Wir haben im Jahr 2018 jeweils 27 Plasmaproben vor der Behandlung von 9 gesunden Frauen, 9 Patientinnen mit gutartigen Eierstockläsionen und 9 Patientinnen mit bösartigen Eierstocktumoren im First Affiliated Hospital der Sun Yat-sen-Universität gesammelt. Alle menschlichen Blutproben wurden nach Erhalt der Genehmigung des Institutional Review Board des First Affiliated Hospital der Sun Yat-sen University und der Einverständniserklärung aller Teilnehmer entnommen. Vollblutproben wurden von nüchternen Teilnehmern mithilfe von Vakuum-Blutentnahmeröhrchen entnommen. Das gesammelte Plasma wurde 10 Minuten bei 4 °C und 3.000 U/min zentrifugiert, gefolgt von 15 Minuten bei 12.000 × g. Zur Sicherung bei − 80 °C lagern. Übertragen Sie den Überstand ansatzweise in ein neues Zentrifugenröhrchen und filtern Sie ihn mit einer 0,22 μm mikroporösen Membran. Nach der Proteinextraktion wurden die Peptide mit Trypsin zu Aborten verdaut. Die generierten MS/MS-Daten wurden mit der MaxQuant-Suchmaschine (v.1.5.2.8) (Max-Planck-Institut für Biochemie, München, Deutschland) verarbeitet. Tandem-Massenspektren wurden mit der SwissProt-Menschendatenbank abgeglichen, die mit der Reverse-Decoy-Datenbank verknüpft war.

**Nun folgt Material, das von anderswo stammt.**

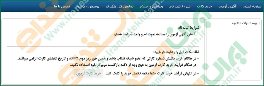 پس از کلیک روی گزینه تایید، متن آگهی آزمون را مطالعه کرده، تیک گزینه شرایط ثبت نام را فعال کنید و سپس روی دکمه "خرید کارت آزمون" کلیک نمایید.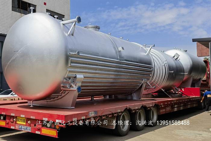 江蘇中鼎化工設(shè)備有限公司承接國內(nèi)某大型企業(yè)的 臥式不銹鋼儲罐 帶外半圓直管加熱 保溫儲罐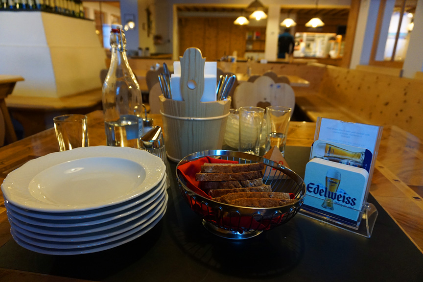 The comforts of hut living are at their best in the Jamtal hut! Afternoon soup and maybe a beer later. |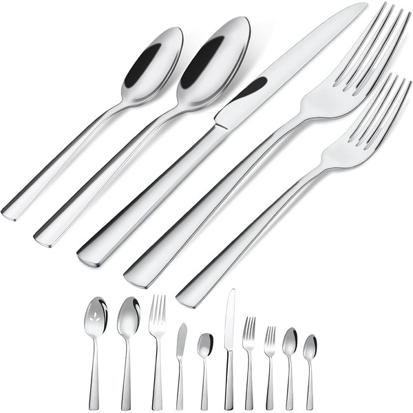 - Luxury and Lustrous Design: Unique yet extraordinary, this versatile stainless flatware cutlery set features a gleaming mirror polish which requires no repolishing. Elegant design and superior quality makes this silverware set suitable for kitchens,restaurants, events, and everyday meals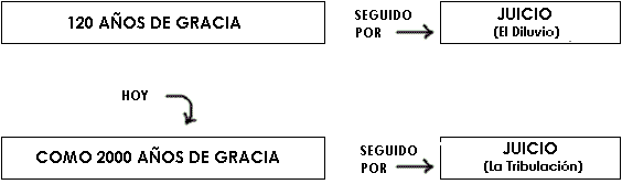 Los 120 años de gracia en los días de Noé finalmente terminaron y Dios juzgó al mundo con el diluvio. Este período más largo de gracia que estamos viviendo ahora (casi 2000 años) también llegará a su término y Dios juzgará nuevamente al mundo. El tiempo de la mayor gracia (el tiempo actual), será seguido por el tiempo del mayor juicio (LA GRAN TRIBULACIÓN). ¿Ha habido o habrá algún tiempo tan difícil como la gran tribulación (Mateo 24:21)? _________ En el capítulo 11 (titulado el tiempo de la Tribulación) estudiaremos el Período de Tribulación en detalle.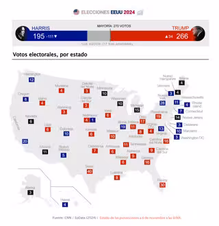 Infografía con el resultado de las elecciones en Estados Unidos, según las proyecciones publicadas hasta las 8:00 horas del 6 de noviembre de 2024. Donald Trump está a punto de regresar a la Casa Blanca cuatro años después de su derrota contra Joe Biden d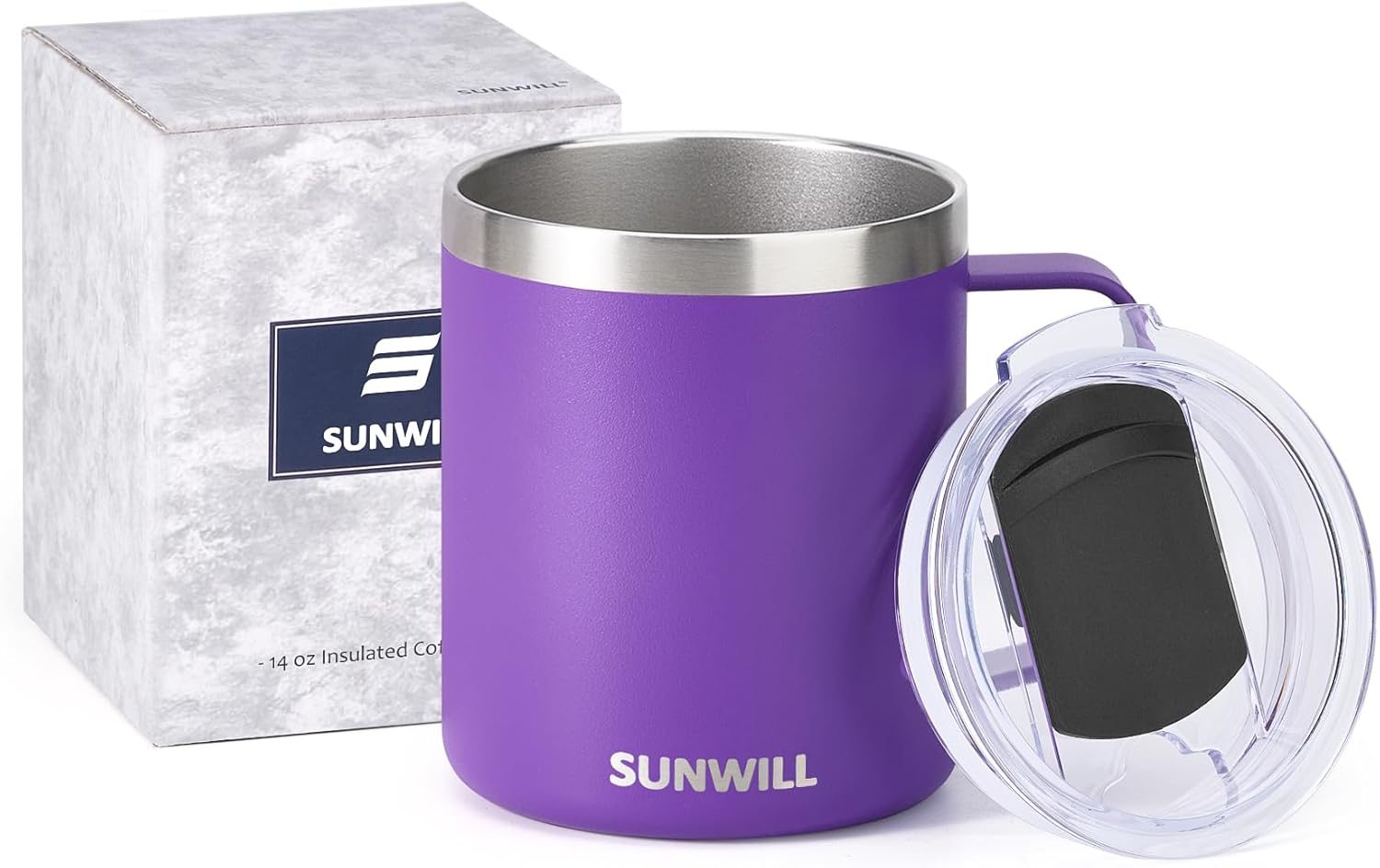 SUNWILL Insulated Coffee Mug with Lid, Travel Tumbler with Handle, 14 oz Stainless Steel Cup for Camping, Office, Home, Powder Coated Purple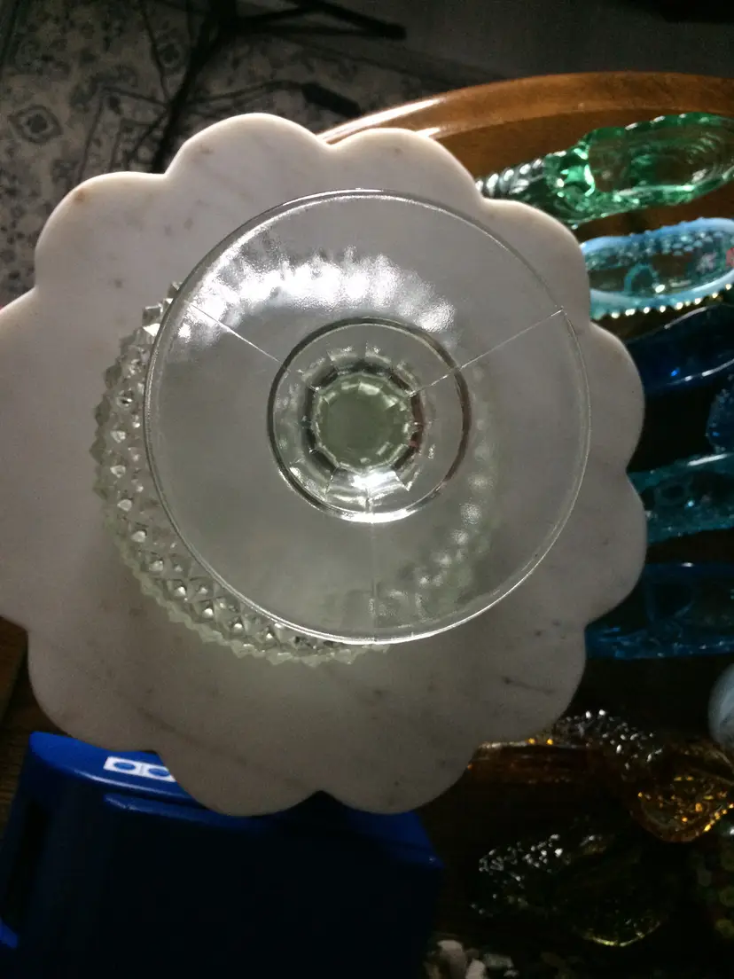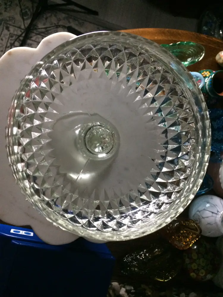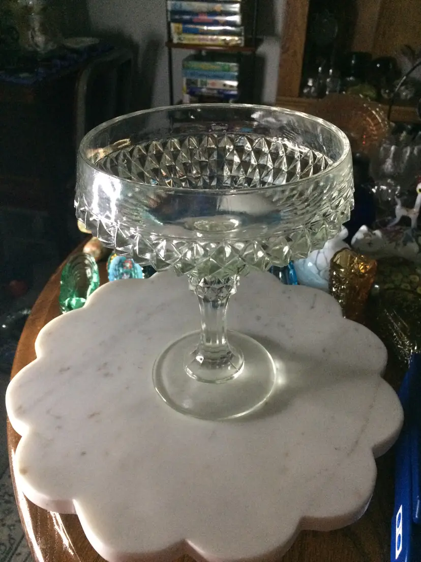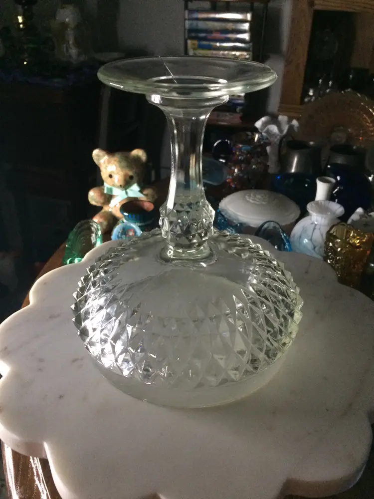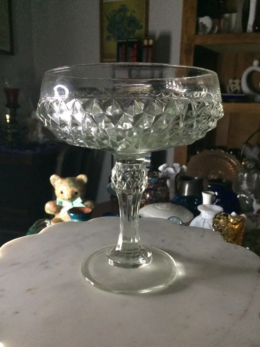 Vintage Indiana Glass Diamond Point Pedestal Bowl 6" wide x 7 1/4" tall. NEW to District? Enter code Michel42 into your wallet prior to your first purchase and save $5 off of $10 or more! Happy Hunting! Thank you for checking out my items! Give me a Follow and I'll Follow you back!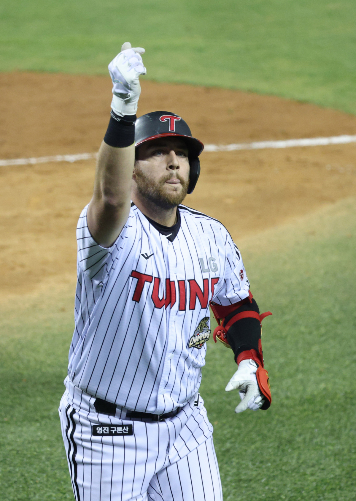 LG 오스틴이 8회말 무사에서 롯데 박정민을 상대로 역전 좌월 1점 홈런을 날리고 홈인하고 있다.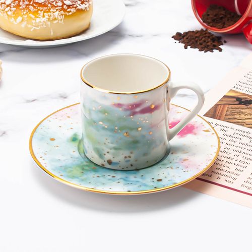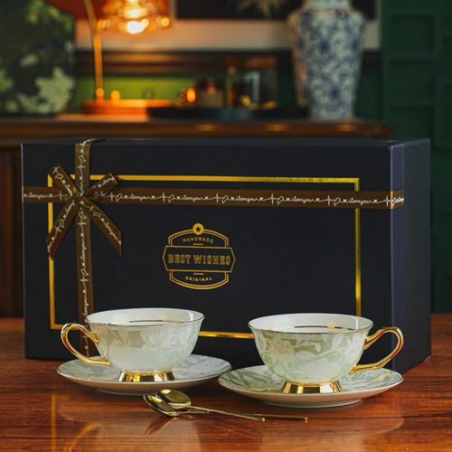 커피잔 세트 고급스러운 찻잔 선물포장 세련된 집들이선물 신혼부부 가벼운 럭셔리 2p 도자기, 2개, 그린
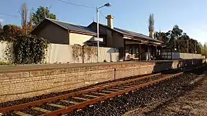 ![]() North-east bound view of the station building and platform in September 2017 | |||||||||||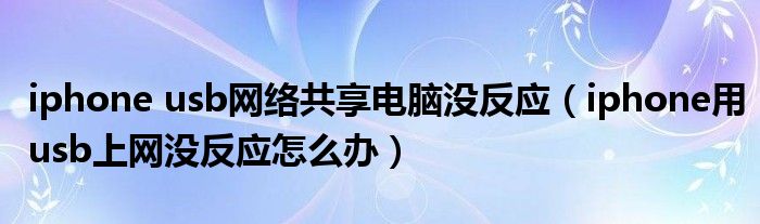 导读 大家好,精选小综来为大家解答以上的问题。iphone usb网络共享电脑没反应,iphone用usb上网没反应怎么办很多人还不知道,现在让我们一起来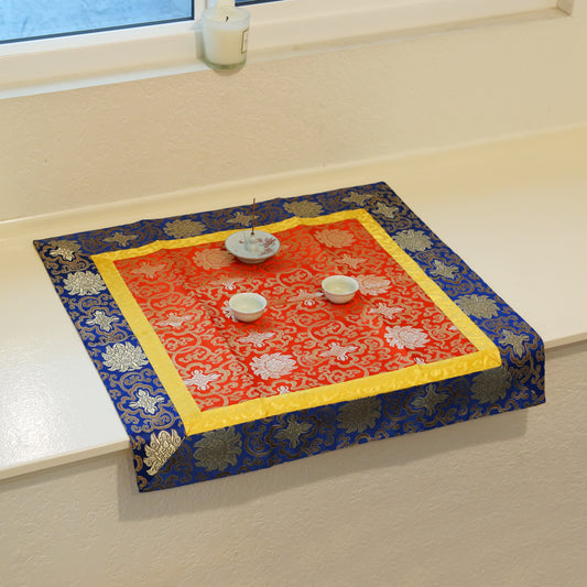 Tibetan Lotus Buddhist Silk Brocade Shrine Table Cover Altar Cloth, 28”X28”, Yellow or Red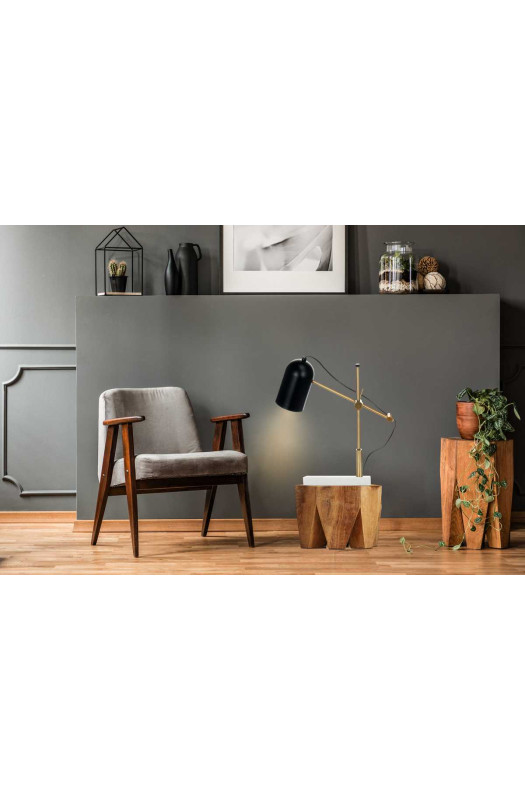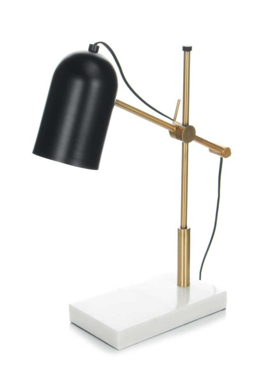 Настільна лампа Spilo KM110 black/gold/white виконана в сучасному стилі. Оптимальна висота, дозволяє використовувати виріб в якості підлогового світильника або настільної лампи. Модель відмінно інтегрується в офісні і житлові приміщення.

Anschließend haben wir in den Jahren 2020–2021 Seren von Eierstocktumoren und gesunden weiblichen Freiwilligen am Ersten Angegliederten Krankenhaus der Sun Yat-sen-Universität und am Ersten Angegliederten Krankenhaus der Xiamen-Universität gesammelt. In der Kontrollgruppe befanden sich 33 Proben, darunter gesunde Frauen, Patientinnen mit postoperativem Eierstockkrebs, Patientinnen mit grenzwertigen Eierstocktumoren, Patientinnen mit gutartigen Eierstockläsionen und Patientinnen mit Dickdarmkrebs. Insgesamt wurden 48 Proben in die Versuchsgruppe aufgenommen, darunter Patienten mit unbehandeltem Eierstockkrebs und Patienten mit bestätigtem rezidivierendem Eierstockkrebs.
Die SLC11A2-Konzentrationen im Serum wurden mit dem SLC11A2 Elisa Avidin Kit gemessen. Verwenden Sie das MyCurveFit-Webtool (https://mycurvefit.com/), um die Elisa-Standardanpassungskurve zu zeichnen und die Kurvenformel zu berechnen. Die gemessenen Proteinkonzentrationen wurden mit der klinischen Diagnose kombiniert, um ROC-Kurven (Receiver Operating Characteristic) zu erhalten.
ELISA-Kit für Solute Carrier Family 11 Mitglied 2: EIAAB Science Inc, Wuhan (Katalog: E0316h).
Software: R (Version 3.6.3) (statistische Analyse und Visualisierung);
R-Paket: pROC-Paket [1.17.0.1] (zur Analyse), ggplot2-Paket [3.3.3] (zur Visualisierung).
Alle Projekte erhielten die Genehmigung der jeweiligen Ethikkommissionen. Die Ethikkommission des ersten angegliederten Krankenhauses der Sun Yat-sen-Universität (Ethikgenehmigung Nr. 308-2016-03-01, Nr. 483-2021-6-28). Alle Proben wurden mit Zustimmung und Genehmigung des Patienten entnommen. Alle Methoden wurden nach einschlägigen Richtlinien und Vorschriften durchgeführt.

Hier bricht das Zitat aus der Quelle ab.